Despite the paper’s assertion that the cartoon was a parody of Washington insider politics and had little to do with President Obama’s identity as an African-American, there’s simply too much historical evidence in popular culture and media that establishes that primates have long been stand-in imagery for how some whites might view African-Americans, specifically Black men.  Just last year, controversy erupted over the cover of American Vogue, which featured a picture of Lebron James and supermodel Gisele Bundchen that seemed to allude to the film “King Kong”. For the New York Post to deny the legitimacy of such interpretations is at best disingenuous and at worst arrogant.   In this regard, the running of the cartoon and editorial defense of it, likely says more about the integrity—or lack of—of the New York Post than anything else.

Nevertheless this cartoon highlights the regular attempt to undermine the validity Obama’s presidency  within the realm of popular media and culture.  The New York Post is of course owned by Rupert Murdoch’s global conglomerate News Corporation, so it is important not to see the “chimpanzee cartoon” as separate and distinct from Fox News contributor’s Juan Williams’ delusional rants about Michele Obama’s presumed black radical political views.  Neither should the neo-conservative views of the Wall Street Journal, another News Corporation company, be dismissed as unrelated, despite the fact that the commentary on Fox News or the New York Post is decidedly more vulgar in its presentation.  The interconnectedness of these media entities underscores how many communities must become more sophisticated in response to racist, sexist or homophobic expression in the media.

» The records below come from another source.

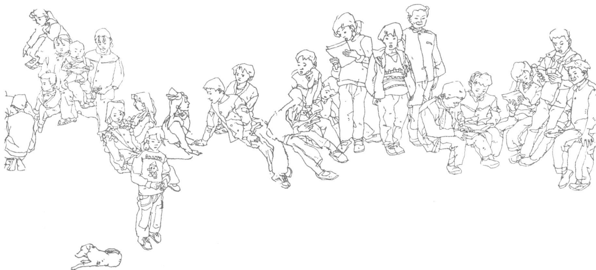
图例 2-8 村里的孩子

多的事物是有生命的、活动的,往往画了一半或刚下笔,对象已经变了,因此,应该学会凭借记忆、想像来完成这些未完成的速写。其实在任何形式的速写中,记忆和想象总是艺术家的双翼,缺一不可。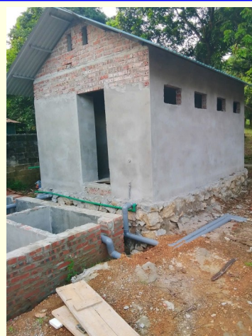
チャンフー小学校の12月の現状

一昨年、皆さまにご提案させていただき、多くの協賛とご支援をいただいておりますトゥエンクアン省、イエンスン郡、ルックハイン村のホップタイン小学校のトイレ建設ですが、省からの建設許可はやっと降りたのですが、財務省の許可や行政再編の影響を受けて、建設工事が遅れております。まだ、着工できない状態が続いています。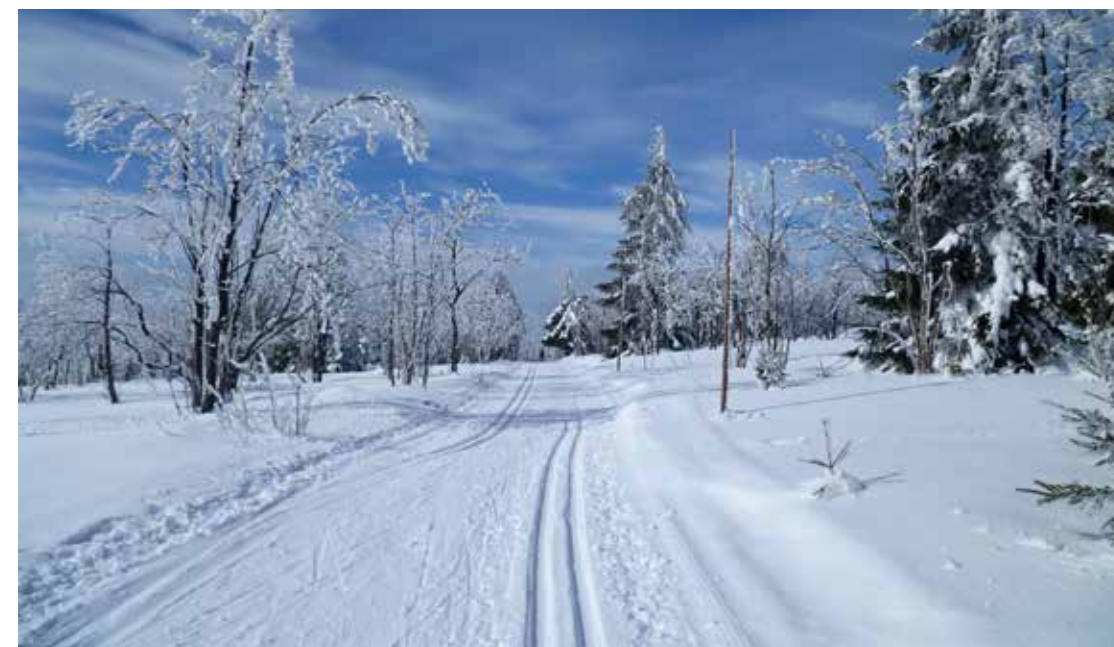
Dobrá stopa a azurová obloha, i proto se sem rádi vydáváme

Tam se také rozhodujeme, zda pokračovat vpravo po trase magistrály přes rozcestí „Za Špicákem“ a „Pláně nad Božím Darem“, nebo si přidat pár kilometrů a jet přes Myslivny. Romantika Ježíškovy cesty a bezvadný sjezd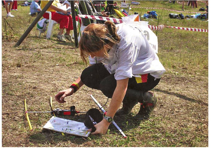
Mit Kartenbrett und UKW-Gerät an einem internationalen Anlass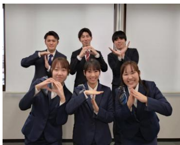
〔研修スナップ写真〕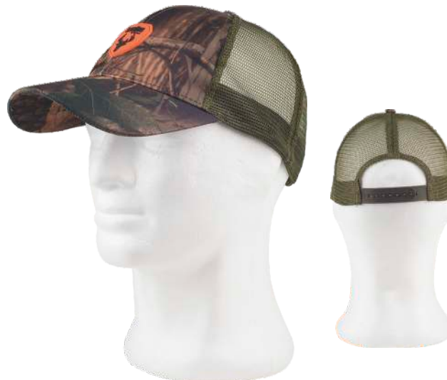
camuffamento bosco verde/verde caccia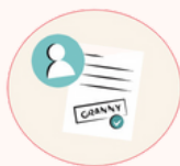
2 - Validation

Vous recevez un mail pour activer votre compte sur particulier.urssaf.fr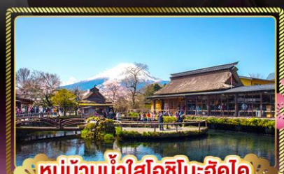
หมู่บ้านน้ำใสโอฮิโนะฮัคโค

In many ways the chimpanzee cartoon becomes the first major test of how racist expression can be combated in a so-called “post-race” society.  And let me be clear, the very idea of “post-race” is a misnomer, particularly when applied to the recent election of Barack Obama, who ran successfully for the presidency by being the “most perfect Negro ever.”  Until the country is willing to elect a person of color or women with, say the profile and credentials of number 43 (former alcoholic, failed business person, etc.) or the debilitating physical limitations of a Franklin Delano Roosevelt, I can’t buy that we live in a post-race or post-gender society, let alone in consideration of events like the New Year’s day  shooting death of Oscar Grant III.  That said, the reality is that a fair amount of Americans do believe that we live in a post-race society and our response to racist expression must take in account an increasingly held view that we should “get over it.”  As such, I am not advocating that we shouldn’t take to the airwaves to denounce the racists depictions in the New York Post—and some of our most prominent spokesperson acted as we have come to expect them to in that regard—but that our responses should be multi-layered and nuanced.  As legal scholar Derrick Bell suggest in his classic text Faces at the Bottom of the Well: The Permanence of Racism (1993), so-called oppressed peoples must balance obvious responses to racism with “cunning and guile.”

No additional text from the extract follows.